He and his business partner, William L. Elkins, invested with businessmen such as Charles Tyson Yerkes, the streetcar czar of Chicago. Widener used the great wealth accumulated from public transportation to become a founding organizer of U.S. Steel and the American Tobacco Company, as well as to acquire substantial holdings in Standard Oil and International Mercantile Marine Company. He is considered to have been among the 100 wealthiest Americans, having left an enormous fortune.

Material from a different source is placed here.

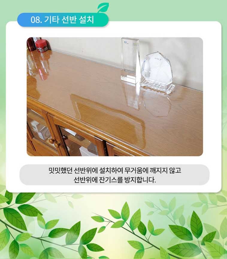 2mm 사용용도 : 책상매트, 테이블매트, 데스크매트, 유리대용매트, 바닥보호매트, 신발장 및 가구보호매트, 탁자매트

He died on November 6, 1915, in Elkins Park, Pennsylvania and was interred at Laurel Hill Cemetery in Philadelphia.

Personal life
In 1858, he married Hannah Josephine Dunton (1836–1896), and they had three sons. His first son Harry (1859-1874) died young, from typhoid fever.  His son George Dunton Widener (1861–1912) died aboard the RMS Titanic. His youngest son Joseph Early Widener (1871–1943) was a noted art collector. His grandson, George D. Widener Jr. (1889-1971), a noted horse racing figure, was also the chairman of the Philadelphia Museum of Art.

P.A B. Widener died at Lynnewood Hall at the age of 80 on November 6, 1915, having suffered from poor health for three years. After his death, his estate was valued at $31,589,353. By 1945, the accumulated income plus the current value of the real and personal property totaled $98,368,058.

Residences
In 1887, Widener built an ornate mansion (designed by Willis G. Hale) in Philadelphia, at the northwest corner of Broad Street and Girard Avenue. He vacated it 13 years later and donated it (as a memorial for his late wife) to the Free Library of Philadelphia, which used it as a branch library from 1900 to 1946. The building burned in 1980, and it was demolished.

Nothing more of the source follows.